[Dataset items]

+ + + + + + +

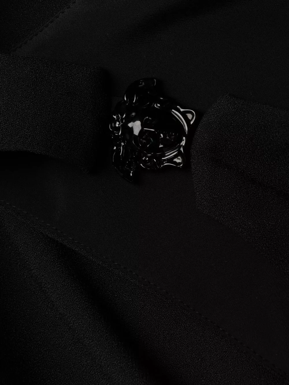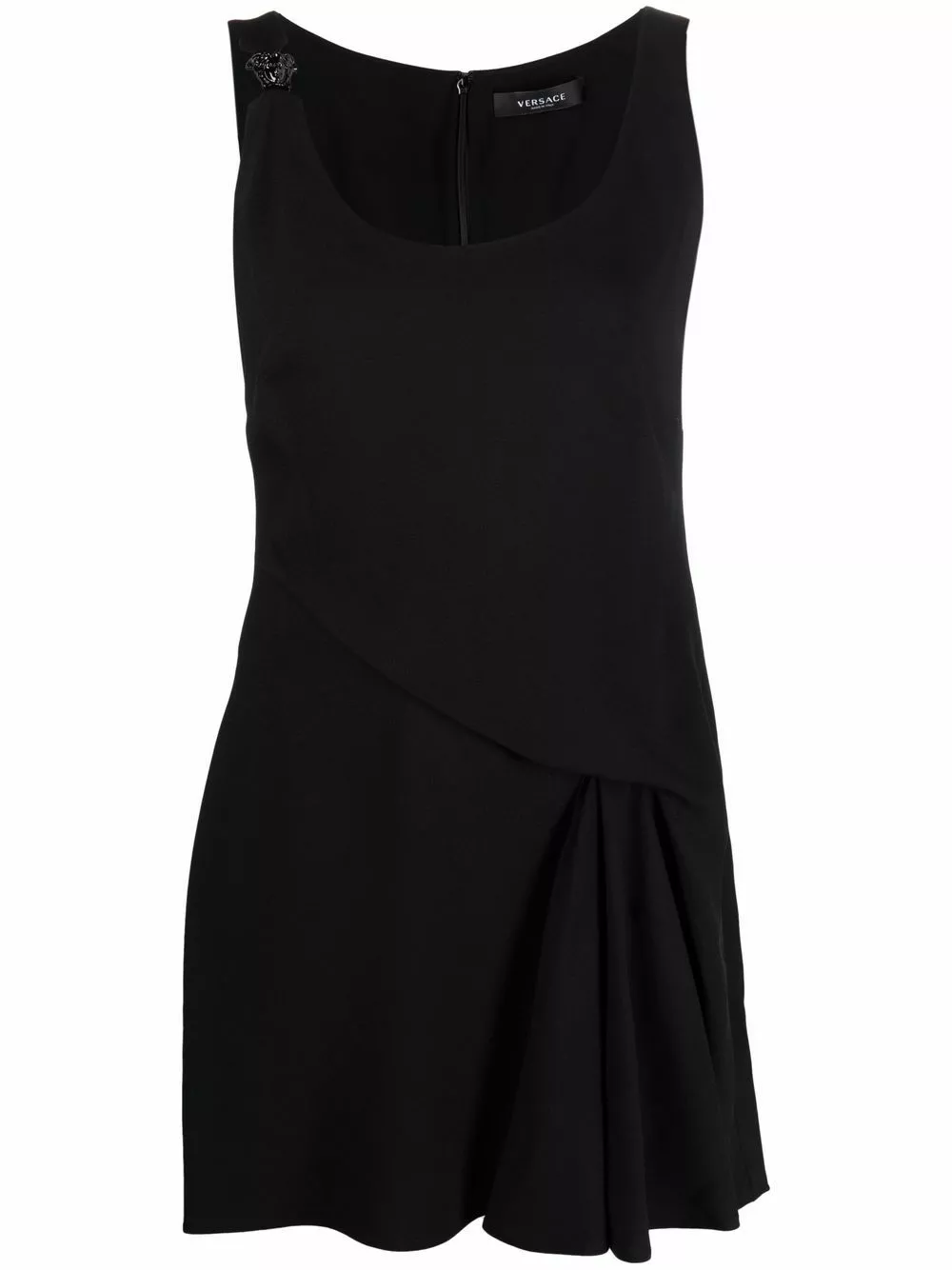 Versace’s minidress is a relatively understated creation from the Italian House lauded for its bold collections. This draped iteration is accented with a glossy Medusa plaque at one shoulder – the motif featured on the doors of the brand’s first Headquarters in Milan.
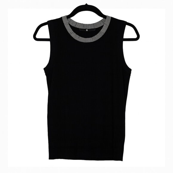 keywords: black sweater top, cashmere knit, classic layering piece, designer knitwear, everyday luxury layer, minimalist chic, modern essential, office to weekend, polished basics, quiet luxury, sleeveless sweater, timeless wardrobe
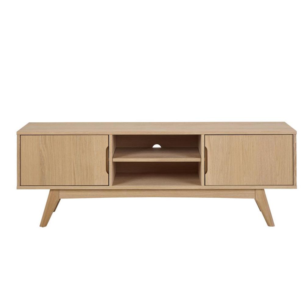 Item Code: 110168 Marte TV unit, top, frame, 2 doors, 3 shelves and base white pigmented oiled oak veneer with wire hole. Undeniably Scandinavian, this TV unit offers clean aesthetics, natural materials, and practical storage. Organising feels also easy with open and closed storage, 3 adjustable shelves, and a wire hole for cables. Besides, the white pigmented oil and oak veneer is a winning combination that blends seamlessly into any interior. FSC certified.Free Delivery
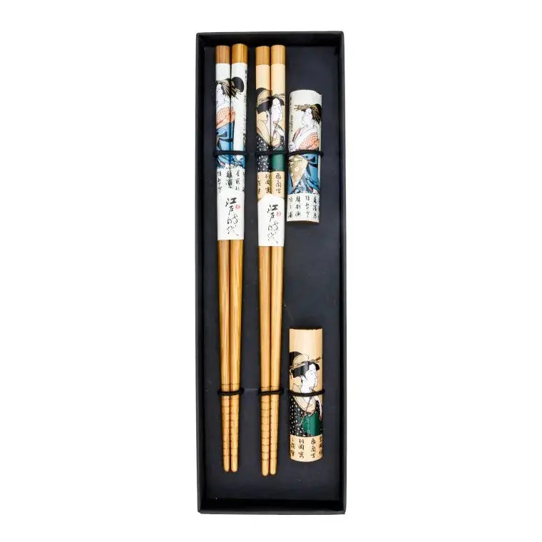 Bjud in till en stilfull middag med detta ätpinneset för två personer, inspirerat av traditionell japansk geishaskönhet. Setet innehåller två par ätpinnar och två matchande vilostöd – både praktiskt och dekorativt. En underbar present eller en fin detalj för ditt eget dukade bord! (Handdisk rekommenderas)
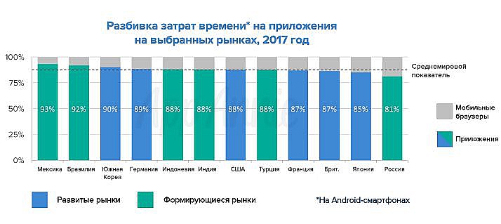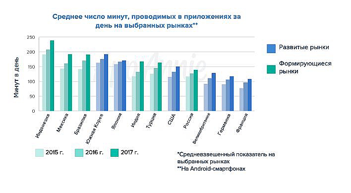 В среднем потребители проводят в Android-приложениях по 3 часа в день. С 2015 года этот показатель вырос более чем на 30%. Анализ выбранных рынков показал, что пользователи смартфонов проводят в нативных приложениях в 7 раз больше времени, чем в мобильных браузерах, и заходят в них в 13 раз чаще. Это открывает перед бизнесом большие возможности.
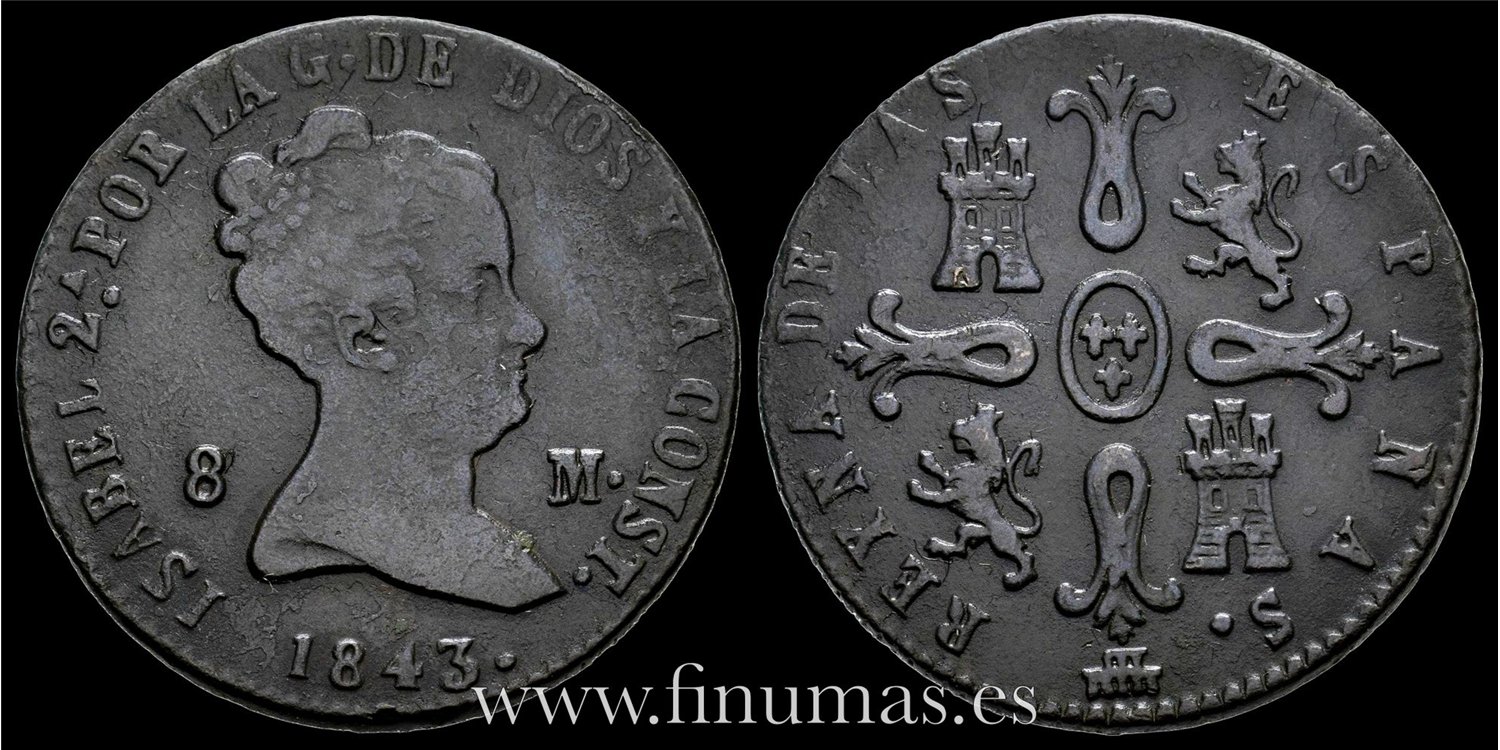 Cy15825.- ISABEL II - 8 Maravedis 1843 Segovia - MBC

+ + + + + + +

- Work instruction
Your reply should consist solely of the lines above, from the opening line through the line with "Bjud in till", reproduced exactly and without pictures.

- Problem solution
 Versace’s minidress is a relatively understated creation from the Italian House lauded for its bold collections. This draped iteration is accented with a glossy Medusa plaque at one shoulder – the motif featured on the doors of the brand’s first Headquarters in Milan.
 keywords: black sweater top, cashmere knit, classic layering piece, designer knitwear, everyday luxury layer, minimalist chic, modern essential, office to weekend, polished basics, quiet luxury, sleeveless sweater, timeless wardrobe
 Item Code: 110168 Marte TV unit, top, frame, 2 doors, 3 shelves and base white pigmented oiled oak veneer with wire hole. Undeniably Scandinavian, this TV unit offers clean aesthetics, natural materials, and practical storage. Organising feels also easy with open and closed storage, 3 adjustable shelves, and a wire hole for cables. Besides, the white pigmented oil and oak veneer is a winning combination that blends seamlessly into any interior. FSC certified.Free Delivery
 Bjud in till en stilfull middag med detta ätpinneset för två personer, inspirerat av traditionell japansk geishaskönhet. Setet innehåller två par ätpinnar och två matchande vilostöd – både praktiskt och dekorativt. En underbar present eller en fin detalj för ditt eget dukade bord! (Handdisk rekommenderas)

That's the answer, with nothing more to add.